Accompanying drawing explanation
Below in conjunction with drawings and Examples, the invention will be further described, in accompanying drawing:
Fig. 1 is embodiment of the present invention reflection dot matrix optical fiberThe structural representation of sensor-based system.
nullIn figure: 1-LASER Light Source,2-manipulator,3-circulator,3.1-circulator the first port,3.2-circulator the second port,3.3-circulator the 3rd port 4-pip array,5-fiber coupler,5.1-fiber coupler the first port,5.2-fiber coupler the second port,5.3-fiber coupler the 3rd port,5.4-fiber coupler the 4th port,5.5-fiber coupler fifth port,6-the first faraday rotation mirror,7-fiber delay line,8-the second faraday rotation mirror,9-the first photodetector,9.1-the first photodetector optical input,9.2-the first photodetector electricity delivery outlet,10-the second photodetector,10.1-the second photodetector optical input,10.2-the second photodetector electricity delivery outlet,11-data acquisition and control card,11.1-data acquisition and control card the first input port,11.2-data acquisition and control card the second input port,11.3-data acquisition and the control mouth controlling card,12-radio-frequency signal source,12.1-radio-frequency signal source signal output,12.2-radio-frequency signal source controls end.

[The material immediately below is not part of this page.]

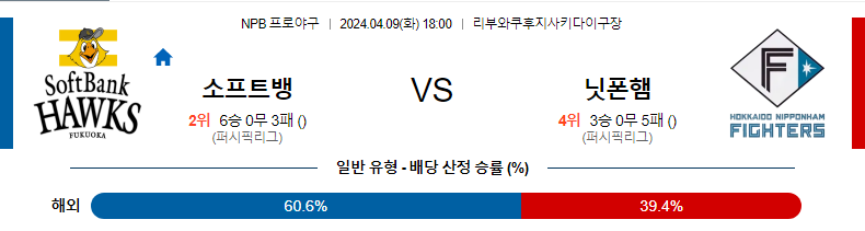 [킹콩티비] 04월 09일 소프트뱅크 vs 니혼햄 NPB 생중계, 스포츠분석,스포츠중계

Detailed description of the invention
In order to make the purpose of the present invention, technical scheme and advantage clearly understand, below in conjunction with drawings and Examples, the present invention is further elaborated.Should be appreciated that specific embodiment described herein is only in order to explain the present invention, is not intended to limit the present invention.

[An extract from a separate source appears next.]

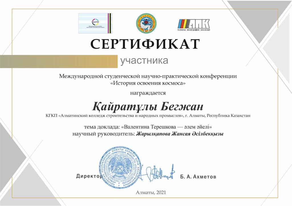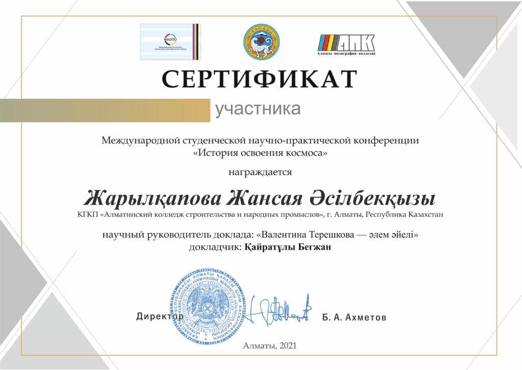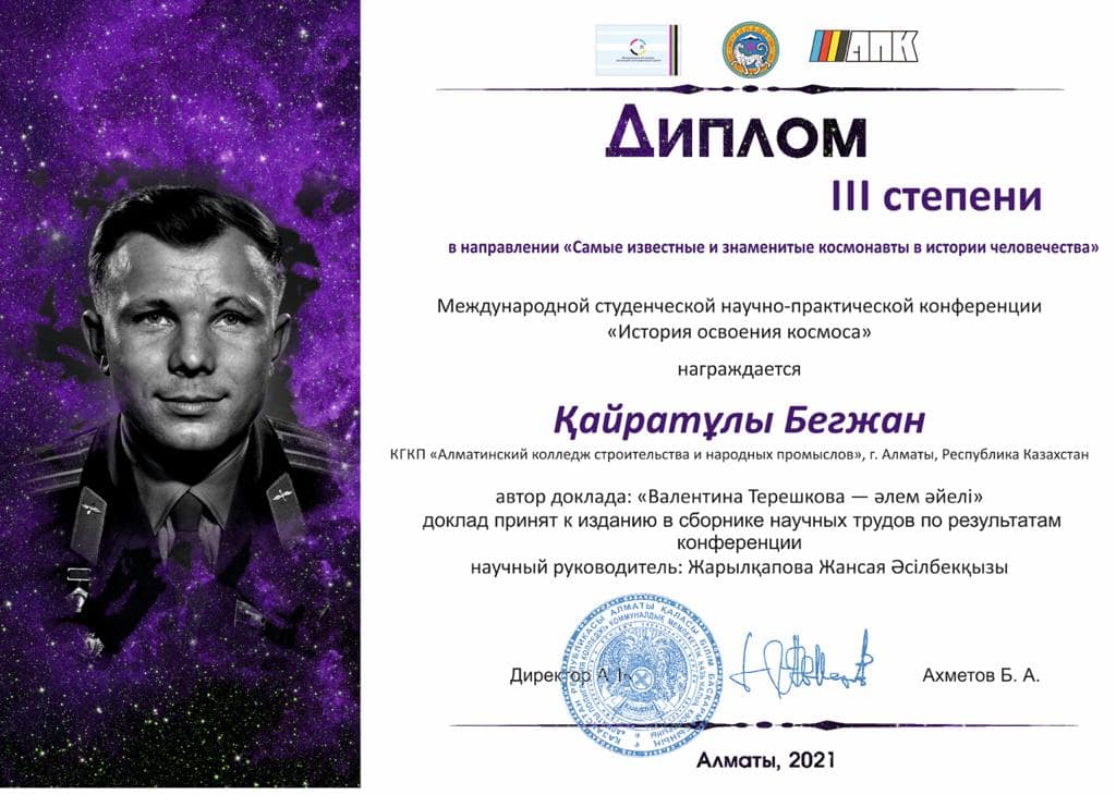 Адамзаттың ғарышты игеруіне 60 жыл толуына орай Алматы полиграфия колледжінің ұйымдастыруымен «Ғарышты игеру тарихы» атты Халықаралық студенттік ғылыми-практикалық конференцияға Алматы құрылыс және халықтық кәсіпшілік колледжінің 1 курс 20-01 топ студентті Қайратұлы Бегжан қатысып ІІІ Дәрежелі дипломмен марапатталды. Баяндама тақырыбы: «Адамзат тарихындағы ең танымал және әйгілі ғарышкерлер» секциясы бойынша «Валентина Терашкова –әлем әйелі». Ғылыми жетекшісі: Жарылқапова Жансая Әсілбекқызы.

Embodiment of the present invention reflection dot matrix optical fiberSensor-based system, including optical pulse generator (including LASER Light Source 1 and manipulator 2), circulator 3, fiber coupler 5 and pip array 4, manipulator 2 is connected with LASER Light Source 1, first port of circulator 3 is connected with the outfan of manipulator 2, and the second port of circulator 3 is connected with pip array 4;3rd port of circulator 3 is connected with a port of fiber coupler 5.
For avoiding the problem of optical signal polarization decay, this sensor-based system also adopts the first faraday rotation mirror 6 and the second faraday rotation mirror 8, is all connected with fiber coupler 5, and is also associated with chronotron between the second faraday rotation mirror 8 and fiber coupler 5;Optical signal after two faraday rotation mirror reflections interferes at fiber coupler 5 place.
This sensor-based system also includes data acquisition and controls card 11, radio-frequency signal source the 12, first photodetector 9 and the second photodetector 10;First photodetector 9 and the second photodetector 10 are connected in parallel between fiber coupler 5, data acquisition and control card 11, and radio-frequency signal source 12 is connected between manipulator 2, data acquisition and control card 11.
Wherein manipulator 2 can be selected for photoswitch or acousto-optic modulator or electrooptic modulator.Optical pulse generator may be used without pulsed laser light source, directly produces light pulse by this pulsed laser light source.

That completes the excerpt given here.